I've said that if be happy to see any counterexamples, where you really do need this with iterators. So far, nobody has provided one. Of course absence of proof isn't proof of absence, but "you can't prove that it's impossible anyone will ever need this" is not a good rationale for a language change.

>> So really, this proposal is really just asking for syntactic sugar that complicates the language in exchange for making some already-understandable code a little more concise, which doesn't seem worth it.
> 
> Did you even think what you just said? Almost everything in Python is "just syntactic sugar" compared to most other Turing-complete languages.
> 
> To put it differently: every construct that abstracts away "goto" is "just syntactic sugar".

There's a big difference between syntactic sugar that makes hard-to-follow code more readable, and syntactic sugar that only makes some already-understandable code a little more concise. The former may belong in the language, the latter very rarely does.

You seem to think that there's no inherent cost to adding new features to a language. For example, you later say:

> The only real reason against it so far: "it makes the language more complicated because I don't need it". Not entirely compelling but understandable.

The more complicated the language is, the harder it is to keep it all in your head, to spot the control flow while skimming, to trace out the details when necessary, etc. Also, the more things you add, the more places there are for inconsistencies to creep in. (Of course it also makes the language harder to implement and maintain, but those are less important.)

Only accepting changes that are actually worth the cost in increased complexity is a big part of what makes Python more readable than "dumping-ground" languages that have C-for, Python-for, while, do-while, until, repeat-until, and loop, some in both statement and expression variants, and some also writable in postfix form.

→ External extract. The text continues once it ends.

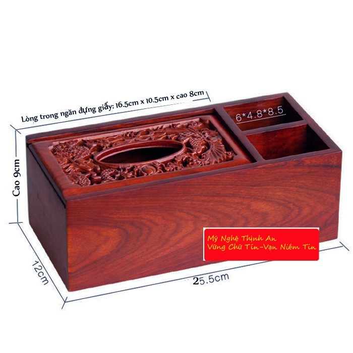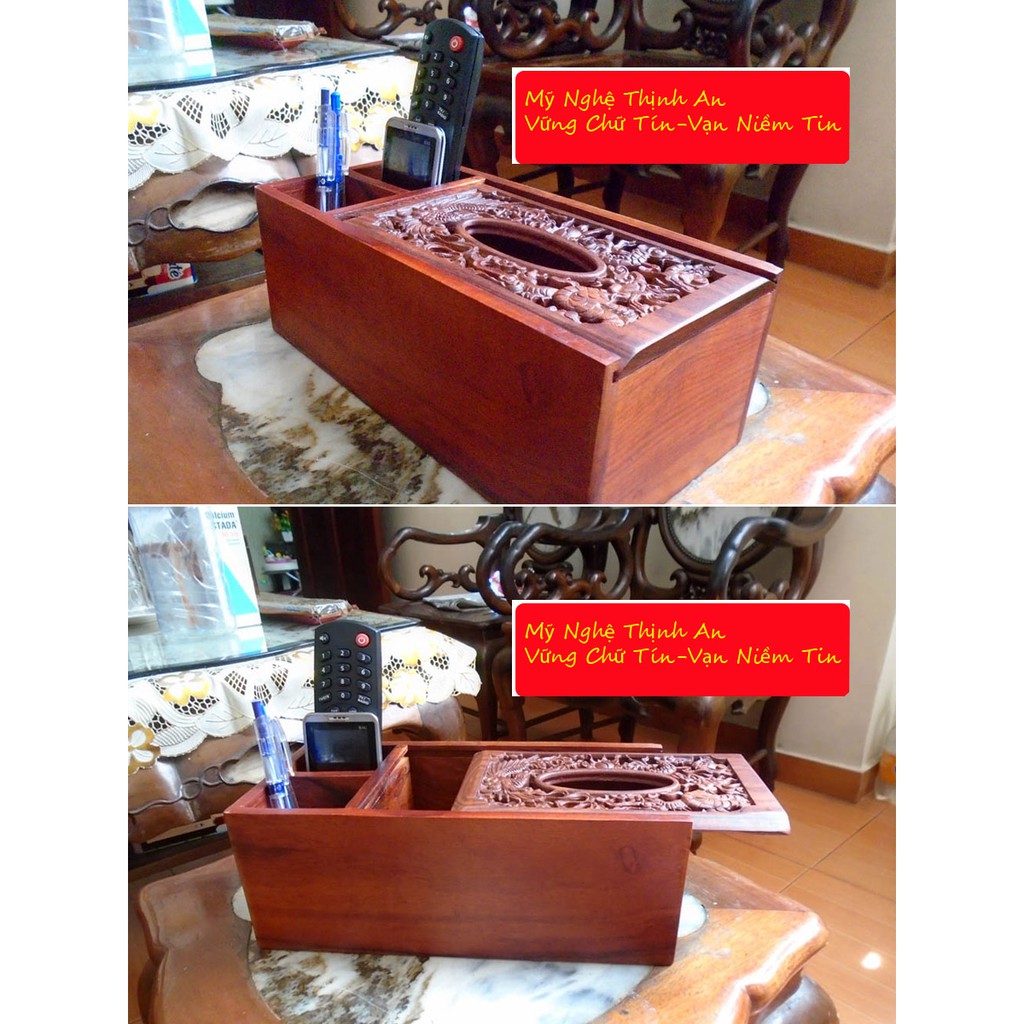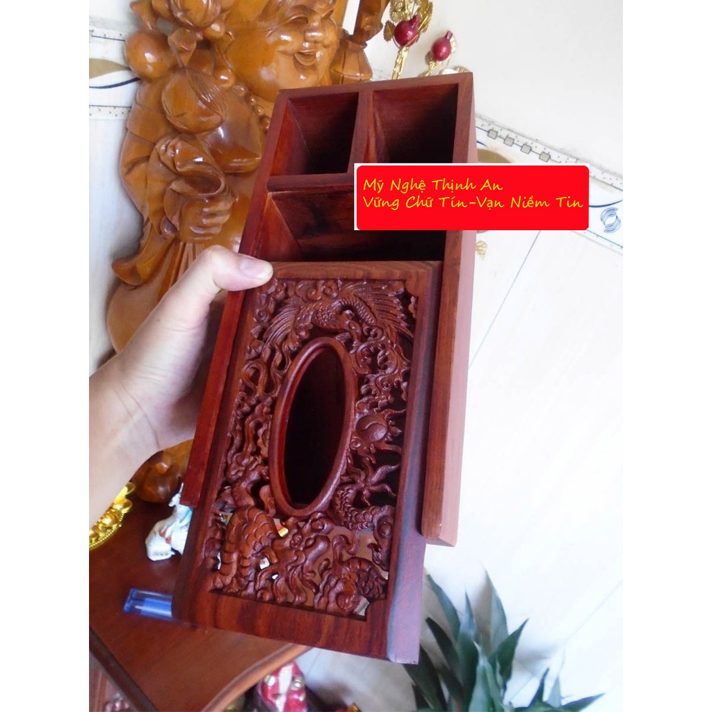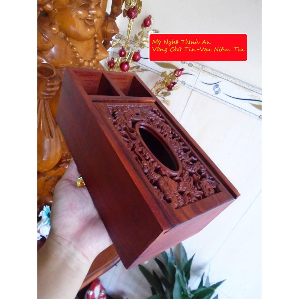 Chiếc hộp được làm chắc chắn, linh hoạt nắp kéo tiện lợi phía trên ngăn chứa khan giấy,còn có them hai ngăn để chứa các vật dụng hay sử dụng như điều khiển TV(remote),máy lạnh,bút viết ….chất liệu gỗ hương ta đỏ tự nhiên quý hiếm,được trạm lọng hoa văn vô cùng cầu kỳ tinh xảo từ đôi bàn tay khéo léo của các nghệ nhân làng nghề Việt.Hộp khăn ăn này có thể là món quà tặng ý nghĩa và độc đáo gửi tới những người thân thiết xa gần trong và ngoài nước hay đối tác làm ăn.sử dụng các sản phẩm thủ công mỹ nghệ cũng là cách ủng hộ cho các sản phẩm tôn vinh nét đẹp Việt Nam nói chung,và các làng nghề truyền thống đang dần mai một trên khắp làng quê Việt nói riêng.

>> The for loop bytecode would have to change to stash an "any values seen" flag somewhere such that if it sees StopIteration and hasn't seen any values, it converts that to an EmptyCollection. Or any of the other equivalents (e.g., the compiler could unroll the first PyIter_Next from loop from the rest of them to handle it specially).
> 
> Something like that.
> 
>> But this seems like it would add a lot of overhead and complexity to every loop whether desired or not.
> 
> If the "for" does not have any empty-equivalent clauses, there is no need to introduce that overhead in the first place.

Not true. The first implementation I suggested, putting EmptyCollection into every iterable, requires the overhead in every case. The second one, changing the way the existing bytecodes work, means making frame objects (or _something_) more complicated to enable stashing the flags, which affects every for loop. The third, unrolling the first PyObject_Iter, has to be done if there's any code that can inspect the current exception state, which can't be statically determined, so it has to be always done.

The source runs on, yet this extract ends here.